INDONESIA
MAKALAH
Diajukan sebagai Salah Satu Syarat untuk Memperoleh Nilai Plagirism Checker
sebagai syarat kelulusan Pelatihan ICT 2019
Oleh
1173070034
BANDUNG
2019 M/1441 H
KATA PENGANTAR
penulis
i
DAFTAR ISI
ii
BAB I
PENDAHULUAN
A. Latar Belakang
Manajemen Risiko adalah suatu pendekatan metodologi yang terstruktur dalam
mengelola (Manage) sesuatu yang berkaitan dengan sebuah ancaman karna
ketidakpastian. Ancaman yang dimaksud disini adalah akibat dari aktivitas individu /
manusia termasuk yang terdapat / berperan didalamnya. Aktivitas ini meliputi penilaian
risiko yang mengancam, pengembangan strategi untuk menanggulangi risiko dengan
pengelolaan sumber daya yang ada. Risiko itu sendiri dibagi menjadi 2 kategori besar,
yaitu :
1. Risiko Murni (Pure Risk) adalah sesuatu yang hanya dapat berakibat merugikan atau
tidak terjadi apa-apa dan tidak mungkin menguntungkan. Risk Pure ini contohnya
adalah bencana alam, kebakaran, dll.
2. Risiko Spekulatif adalah suatu keadaan yang dihadapi oleh perusahaan / Individu
yang dapat memberikan keuntungan dan dapat memberikan kerugian. Resiko
Spekulatif ini adalah risiko yang ada dalam segala hal. Misalnya dalam berbisnis, kita
bisa untung dan juga bisa rugi. Risiko ini juga dapat disebut sebagai Business Risk
(Resiko Bisnis).
Sasaran dan tujuan pelaksanaan Manajemen Resiko adalah untuk mengurangi risiko
yang mungkin akan muncul (ancaman) dan berkaitan dengan bidang yang telah dipilih.

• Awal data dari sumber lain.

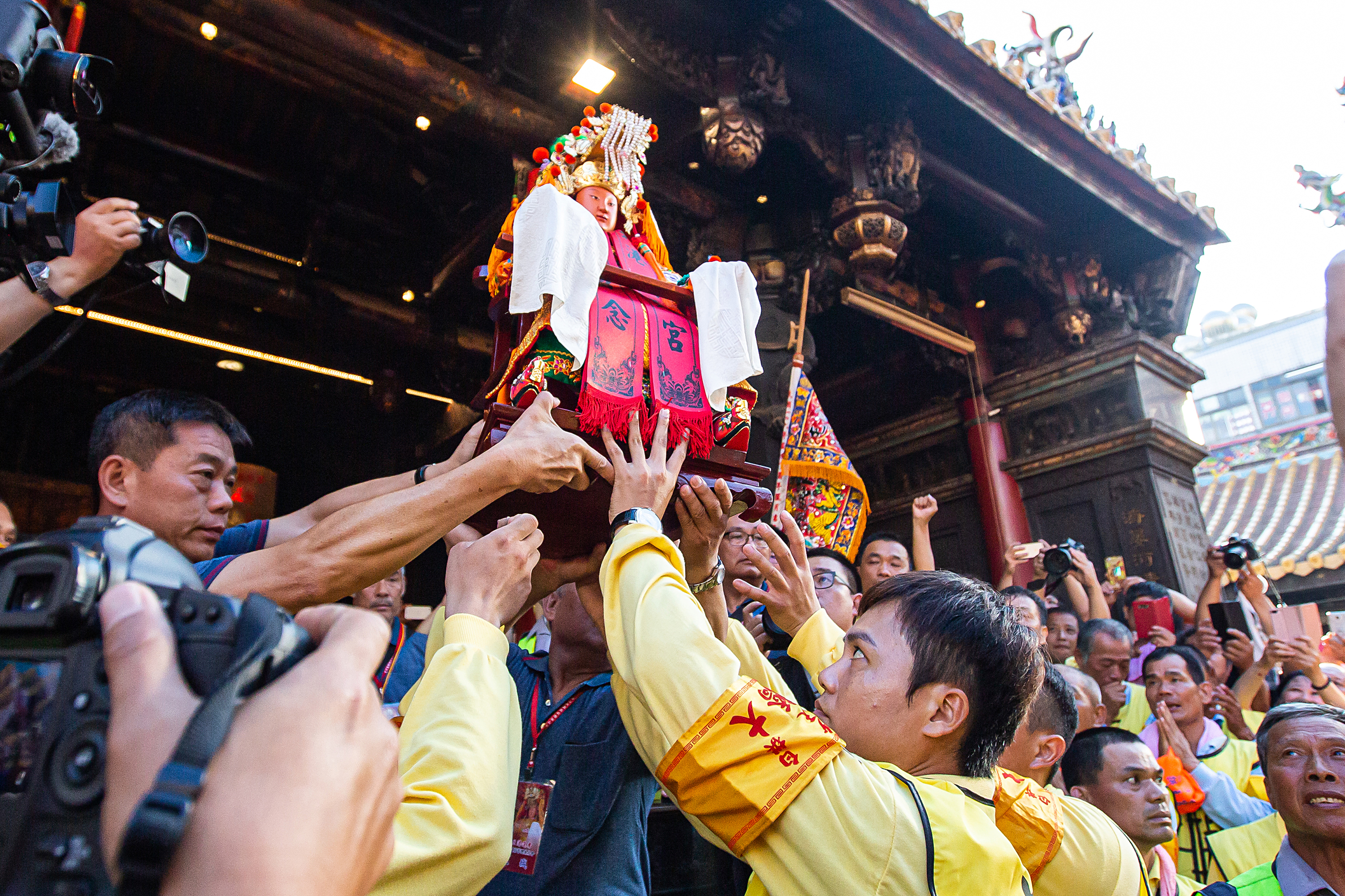 Thronged by crowds, the palanquin carries Taiwan’s top goddess: Mazu. Based on a Northern Song Dynasty legend about a witch named Lin Mo, the deity was originally only worshipped as a protector of fishermen in coastal Fujian Province. But with a growing list of miracles credited to her over time, she came to be seen as having dominion over everything connected to water and became known more generally as the god of water resources and farming. Beginning in the Song Dynasty, several emperors canonized her. When the admiral Shi Lang subjugated Taiwan in the early Qing Dynasty, his success was credited to Mazu’s assistance. Consequently, Emperor Kangxi conferred on her the title Tianhou—“Empress of Heaven.” Backed by imperial approval, Mazu worship rose to new heights, creating a strong platform for its continued presence in Taiwan.

Terpenting adalah harus dapat diterima oleh masyarakat. Ancaman ini bisa disebabkan
oleh berbagai elemen, seperti Teknologi, Human Error, Lingkungan, Politik, maupun
dari Organisasi. Perkembangan ekonomi yang semakin pesat tidak hanya membawa
peluang bagi bisnis perbankan, tapi juga risiko yang semakin besar. Siamat (2005)
mendefinisikan risiko usaha atau business risk bank sebagai tingkat ketidakpastian
mengenai pendapatan yang diperkirakan akan diterima. Risiko usaha yang dapat
dihadapi bank antara lain risiko kredit, risiko investasi, risiko likuiditas, risiko
operasional, risiko penyelewengan (fraud risk), risiko fidusia, risiko tingkat bunga, risiko
solvensi, risiko valuta asing, dan risiko persaingan.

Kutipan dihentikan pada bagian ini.